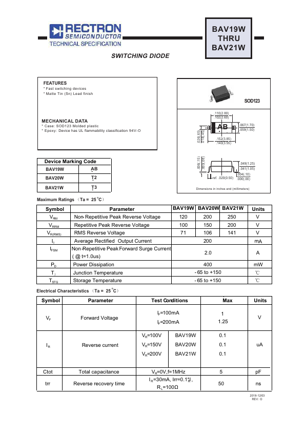 - Case: SOD123 Molded plastic
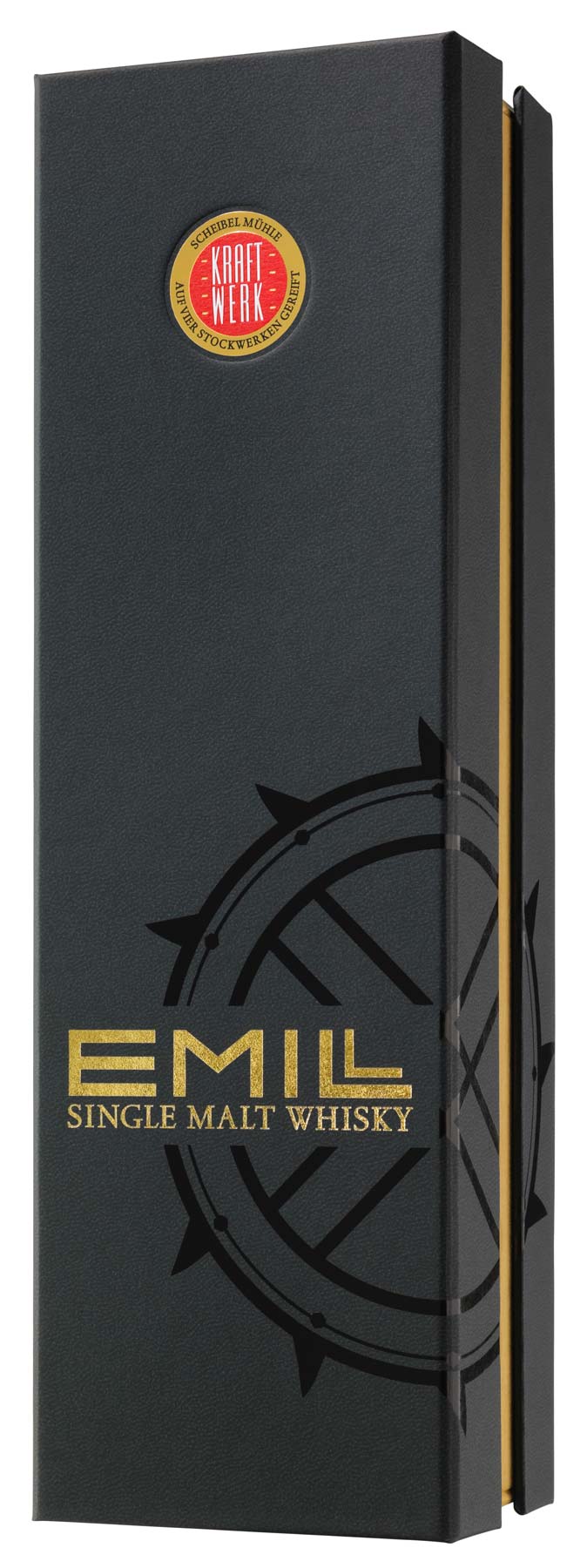 Der Name EMILL, setzt sich zusammen aus dem Vornamen „Emil“, Großvater von Michael Scheibel und Firmengründer der Brennerei, und dem englischen Wort „mill“, was übersetzt Mühle bedeutet. „Eine Hommage an unseren Firmengründer und den Ort, an dem es mit uns und den Obstbränden angefangen hat,“ erklärt der Inhaber. Die edlen Karaffen wurden speziell für das Produkt designt und unterstreichen den einzigartigen Charakter des Schwarzwälder Whiskys, auch wenn die Ausstattung in diesem Wettbewerb nicht in die Bewertung eingeflossen ist.
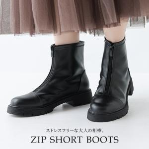ブーツ レディース アクセサリー シューズ ショートブーツ アンクルブーツ ローヒール フロントジップ 秋 冬 オシャレウォーカー「メール便不可」「80」
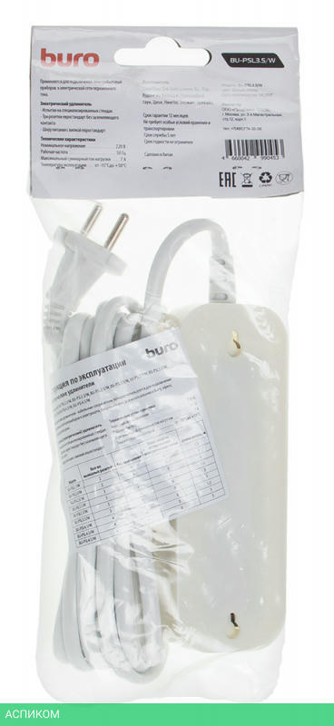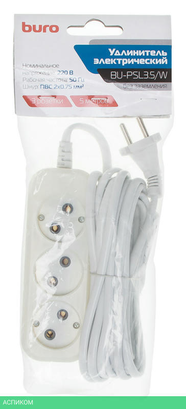 удлинитель / 3 / 5.0 / Schuko (евро без заземления) / белый / Schuko (евро без заземления) / нет / нет / нет
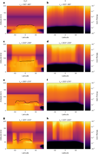 Climatological water vapour mixing ratios in the Martian atmosphere (left) and corresponding modelled hydrogen mixing ratios (right) for all Ls ranges of MY34 covered in this study. Black lines indicate the hygropause.
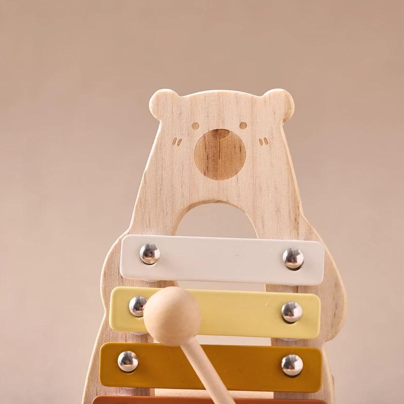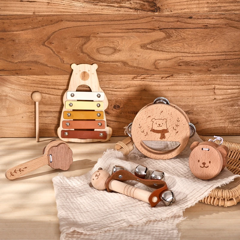 Comprar Juego de 5 piezas de juguetes Montessori, juguetes musicales para bebés, instrumentos musicales, juguetes educativos de madera para bebés de 0 a 3 años, juguetes de xilófono de oso, regalos

————————

» **The problem**
Before copying, set the pictures aside; then give the records again exactly.

» **Result of the task**
 - Case: SOD123 Molded plastic
 Der Name EMILL, setzt sich zusammen aus dem Vornamen „Emil“, Großvater von Michael Scheibel und Firmengründer der Brennerei, und dem englischen Wort „mill“, was übersetzt Mühle bedeutet. „Eine Hommage an unseren Firmengründer und den Ort, an dem es mit uns und den Obstbränden angefangen hat,“ erklärt der Inhaber. Die edlen Karaffen wurden speziell für das Produkt designt und unterstreichen den einzigartigen Charakter des Schwarzwälder Whiskys, auch wenn die Ausstattung in diesem Wettbewerb nicht in die Bewertung eingeflossen ist.
ブーツ レディース アクセサリー シューズ ショートブーツ アンクルブーツ ローヒール フロントジップ 秋 冬 オシャレウォーカー「メール便不可」「80」
 удлинитель / 3 / 5.0 / Schuko (евро без заземления) / белый / Schuko (евро без заземления) / нет / нет / нет
 Climatological water vapour mixing ratios in the Martian atmosphere (left) and corresponding modelled hydrogen mixing ratios (right) for all Ls ranges of MY34 covered in this study. Black lines indicate the hygropause.
 Comprar Juego de 5 piezas de juguetes Montessori, juguetes musicales para bebés, instrumentos musicales, juguetes educativos de madera para bebés de 0 a 3 años, juguetes de xilófono de oso, regalos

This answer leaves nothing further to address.